Dominique – Du temps de mes parents, ce n’était pas du tout comme ça… Ils étaient beaucoup plus… dociles. Enfin… Ça doit être la nouvelle génération…
Nathalie – Les derniers contrecoups fâcheux de mai soixante-huit, probablement.
Christiane – Mais… n’hésitez surtout pas à être un peu ferme avec elle dès le début, hein ? Pour la cadrer tout de suite. Sinon, vous ne vous en sortirez pas, croyez-moi…
Nathalie – Rassurez-vous, nous avons l’habitude… C’est notre métier, après tout… Elle sera très bien chez nous…

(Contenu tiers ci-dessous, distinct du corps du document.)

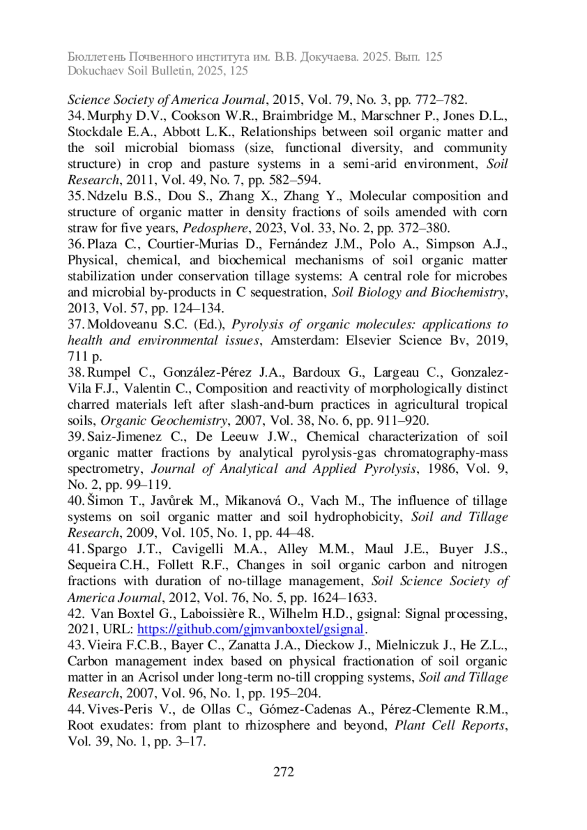 36. Plaza C., Courtier-Murias D., Fernández J.M., Polo A., Simpson A.J. Physical, chemical, and biochemical mechanisms of soil organic matter stabilization under conservation tillage systems: A central role for microbes and microbial by-products in C sequestration // Soil Biology and Biochemistry. 2013. Vol. 57. P. 124-134.

Dominique – Oh, mais ce n’est pas pour elle que nous étions inquiets, je vous assure…
Nathalie – Bon, et bien vous allez pouvoir la faire entrer, maintenant…
Christiane – Tu vas la chercher, Dominique ?
Dominique – Bien sûr…
Christiane – Alors vous pouvez l’accueillir dès ce soir, n’est-ce pas…?
Nathalie – Si elle a ses petites affaires avec elle… Vous pourrez toujours amener le reste après…
Christiane – Vous pensez bien qu’on avait fait sa valise, au cas où vous auriez pu nous en débarrasser tout de suite… Je veux dire… nous la prendre tout de suite.
Dominique revient en tenant d’une main une valise, et de l’autre la main de Blanche, une vieille dame.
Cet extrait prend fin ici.